▸ **Task to complete**: What you return should be the lines from the one with "Camille’s Sidewalk Cafe’s" through the one with "nào? khoác mỏng)." in the data below, reproduced exactly with both ends, and no pictures at all.

▸ **Listed entries**:
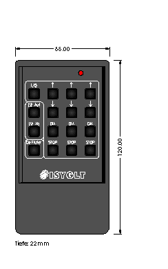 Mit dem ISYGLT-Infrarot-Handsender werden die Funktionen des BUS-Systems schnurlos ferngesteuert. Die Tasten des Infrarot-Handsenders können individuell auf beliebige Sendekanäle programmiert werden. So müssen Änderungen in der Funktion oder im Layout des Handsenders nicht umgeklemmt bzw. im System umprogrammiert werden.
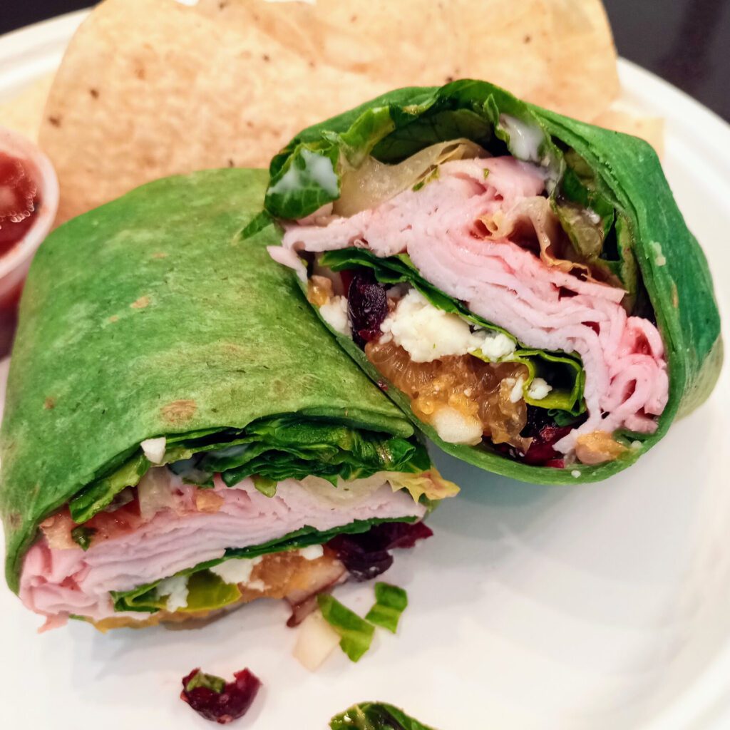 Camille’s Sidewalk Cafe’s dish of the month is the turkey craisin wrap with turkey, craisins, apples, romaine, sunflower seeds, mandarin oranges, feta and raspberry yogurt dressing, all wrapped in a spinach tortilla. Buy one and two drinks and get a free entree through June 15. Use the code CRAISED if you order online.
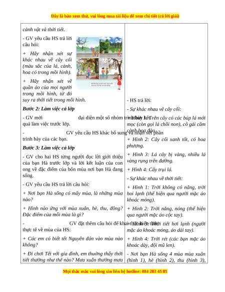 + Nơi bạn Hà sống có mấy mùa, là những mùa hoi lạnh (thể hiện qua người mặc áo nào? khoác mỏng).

==

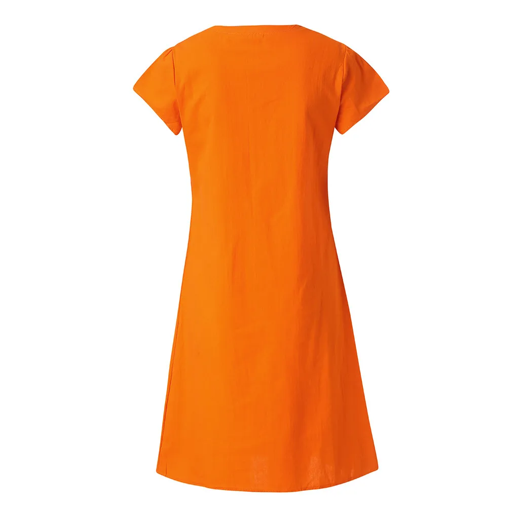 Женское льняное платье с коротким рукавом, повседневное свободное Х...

▸ **Final answer**:
 Camille’s Sidewalk Cafe’s dish of the month is the turkey craisin wrap with turkey, craisins, apples, romaine, sunflower seeds, mandarin oranges, feta and raspberry yogurt dressing, all wrapped in a spinach tortilla. Buy one and two drinks and get a free entree through June 15. Use the code CRAISED if you order online.
 + Nơi bạn Hà sống có mấy mùa, là những mùa hoi lạnh (thể hiện qua người mặc áo nào? khoác mỏng).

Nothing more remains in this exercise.